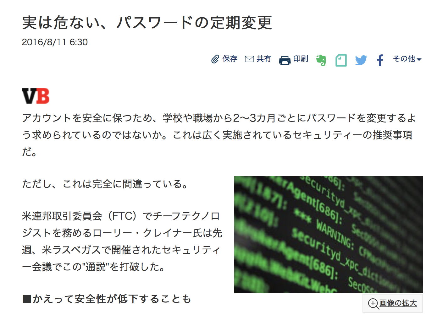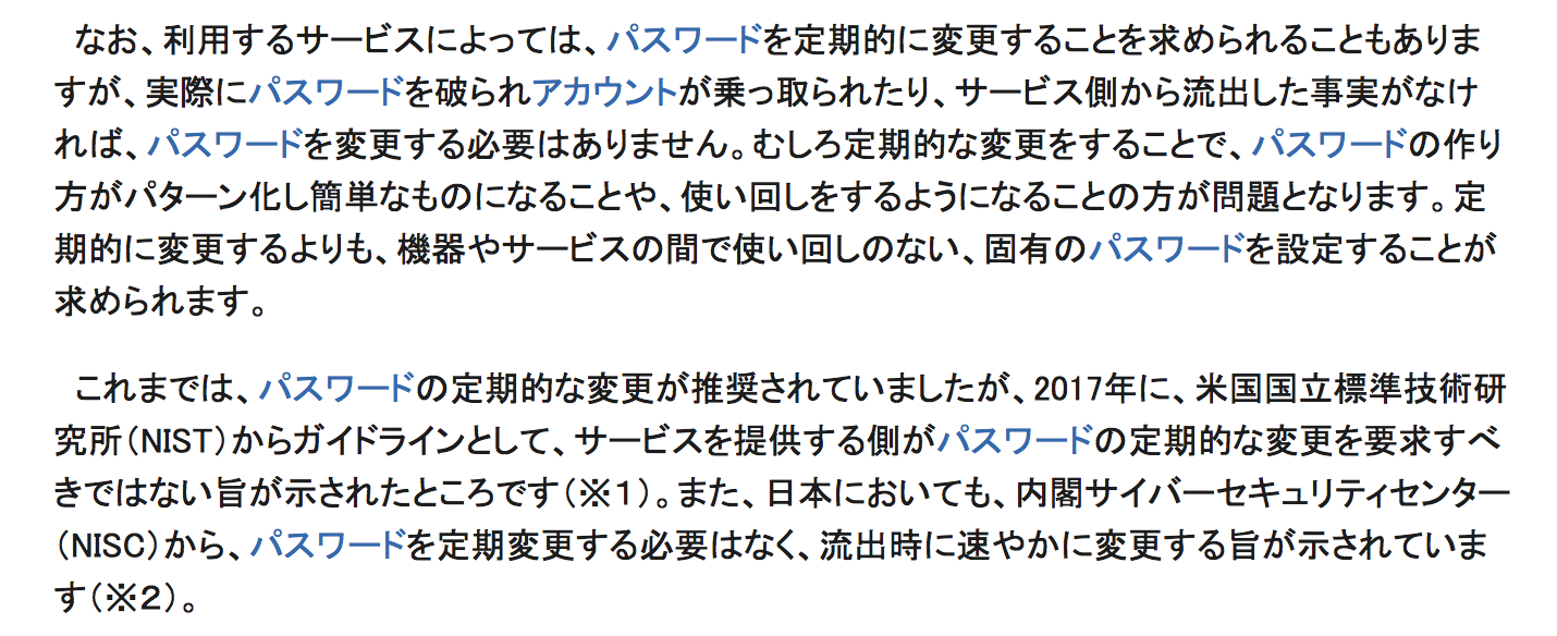 - 「ユーザーに定期的なパスワードの変更を強いることは、セキュリティの低下を招く」と多くのが専門家が考えている。十分安全と思われるパスワードを設定しているユーザーに対して、パスワードの変更を強いることは即刻やめるべきだ
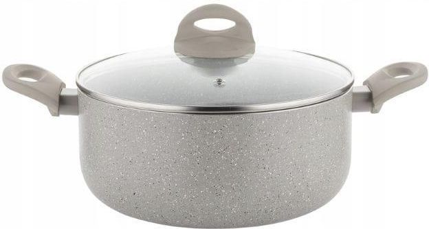 Garnek aluminiowy Sandy Florina 20 cm 2,4 l Producent: Florina Kod produktu: 342813 Wybór odpowiednich garnków może wydawać się błahym problemem, jednak my wiemy, że garnki muszą być Twoimi przyjaciółmi, a nie wrogami. Żeby tak się stało, muszą one spełniać kilka ważnych oczekiwań: być funkcjonalne, wygodne, trwałe i łatwe w utrzymaniu czystości. Garnki Sandy spełniają te wszystkie warunki, a przy okazji są również niezwykle piękne, dzięki czemu staną się one również ozdobą Twojej kuchni (mamy nadzieję, że użyteczną ozdobą). Garnek Sandy posiada nienagrzewający się uchwyt, który doskonale komponuje się z powłoką nieprzywierającą. Dopasowana szklana pokrywka pozwoli Ci na bezpieczne kontrolowanie przygotowywanych posiłków, bez konieczności podnoszenia jej. Powłoka garnka zapobiega przywieraniu smażonych potraw, oraz pozwoli Ci na ograniczenie tłuszczu, który normalnie jest potrzebny do smażenia. Dzięki garnkowi Sandy Twoje posiłki będą smaczne i zdrowe. Jak widzisz garnek ten jest stworzony do tego, aby stać się nieodłącznym elementem wyposażenia Twojej kuchni. Cechy produktu garnek aluminiowy Sandy, pokryty został powłoką nieprzywierającą, powłoka ta zapobiega przywieraniu potraw do garnków i patelni, nawet podczas smażenia z małą ilością tłuszczu, dzięki niej zminimalizujesz ilość tłuszczu potrzebnego do smażenia, Twoje potrawy pozostaną smaczne i zdrowe, zewnętrzna powłoka odporna jest na wysokie temperatury, uchwyty pokryte powłoką Soft Touch pozwolą Ci na bezpieczne i wygodne przenoszenie garnków, do garnka dołączona została dopasowana szklana pokrywa, doskonale sprawdzi się na wszystkich rodzajach kuchenek, włącznie z indukcją, dno nagrzewa się szybko i równomiernie, dzięki czemu oszczędzisz energię potrzebną do przygotowania posiłków, aby garnek służył Ci dłużej producent zaleca ręczne mycie, garnek oprócz swej funkcjonalności jest również niezwykle piękny, doskonale sprawdzi się w każdej kuchni. Wymiary produktu średnica 20 cm, pojemność 2,4 l, wysokość 9 cm.
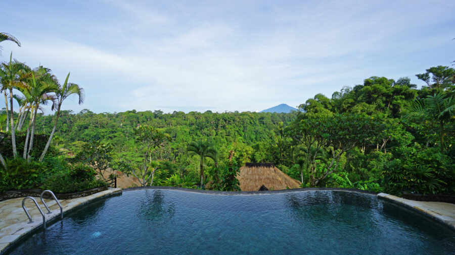 遠くにバリの霊峰アグン山を望む。※お部屋により眺望は異なります
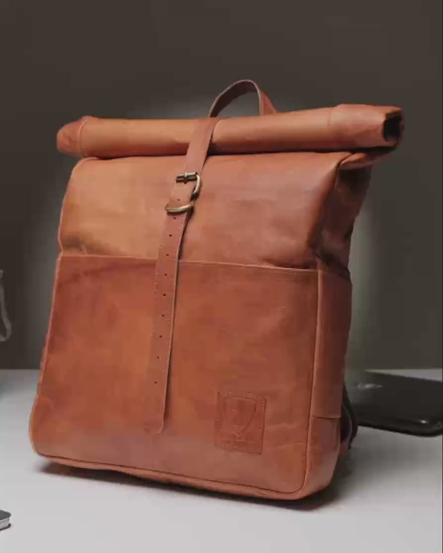 Meet Paris! Made of environmentally friendly, vegetable tanned leather and finished with stylish vintage details, Paris adds retro flair to every occasion. With its sturdy buckle, useful slip-in pockets, and adjustable straps, this bestselling backpack is the perfect companion for all your adventures. Thanks to the rolltop closure Paris’ size can be adjusted to suit your daily needs.

★ ★ ★ ★

What this task involves - Transcribe the material as is, with images omitted.

Solved problem -
 - 「ユーザーに定期的なパスワードの変更を強いることは、セキュリティの低下を招く」と多くのが専門家が考えている。十分安全と思われるパスワードを設定しているユーザーに対して、パスワードの変更を強いることは即刻やめるべきだ
 Garnek aluminiowy Sandy Florina 20 cm 2,4 l Producent: Florina Kod produktu: 342813 Wybór odpowiednich garnków może wydawać się błahym problemem, jednak my wiemy, że garnki muszą być Twoimi przyjaciółmi, a nie wrogami. Żeby tak się stało, muszą one spełniać kilka ważnych oczekiwań: być funkcjonalne, wygodne, trwałe i łatwe w utrzymaniu czystości. Garnki Sandy spełniają te wszystkie warunki, a przy okazji są również niezwykle piękne, dzięki czemu staną się one również ozdobą Twojej kuchni (mamy nadzieję, że użyteczną ozdobą). Garnek Sandy posiada nienagrzewający się uchwyt, który doskonale komponuje się z powłoką nieprzywierającą. Dopasowana szklana pokrywka pozwoli Ci na bezpieczne kontrolowanie przygotowywanych posiłków, bez konieczności podnoszenia jej. Powłoka garnka zapobiega przywieraniu smażonych potraw, oraz pozwoli Ci na ograniczenie tłuszczu, który normalnie jest potrzebny do smażenia. Dzięki garnkowi Sandy Twoje posiłki będą smaczne i zdrowe. Jak widzisz garnek ten jest stworzony do tego, aby stać się nieodłącznym elementem wyposażenia Twojej kuchni. Cechy produktu garnek aluminiowy Sandy, pokryty został powłoką nieprzywierającą, powłoka ta zapobiega przywieraniu potraw do garnków i patelni, nawet podczas smażenia z małą ilością tłuszczu, dzięki niej zminimalizujesz ilość tłuszczu potrzebnego do smażenia, Twoje potrawy pozostaną smaczne i zdrowe, zewnętrzna powłoka odporna jest na wysokie temperatury, uchwyty pokryte powłoką Soft Touch pozwolą Ci na bezpieczne i wygodne przenoszenie garnków, do garnka dołączona została dopasowana szklana pokrywa, doskonale sprawdzi się na wszystkich rodzajach kuchenek, włącznie z indukcją, dno nagrzewa się szybko i równomiernie, dzięki czemu oszczędzisz energię potrzebną do przygotowania posiłków, aby garnek służył Ci dłużej producent zaleca ręczne mycie, garnek oprócz swej funkcjonalności jest również niezwykle piękny, doskonale sprawdzi się w każdej kuchni. Wymiary produktu średnica 20 cm, pojemność 2,4 l, wysokość 9 cm.
 遠くにバリの霊峰アグン山を望む。※お部屋により眺望は異なります
 Meet Paris! Made of environmentally friendly, vegetable tanned leather and finished with stylish vintage details, Paris adds retro flair to every occasion. With its sturdy buckle, useful slip-in pockets, and adjustable straps, this bestselling backpack is the perfect companion for all your adventures. Thanks to the rolltop closure Paris’ size can be adjusted to suit your daily needs.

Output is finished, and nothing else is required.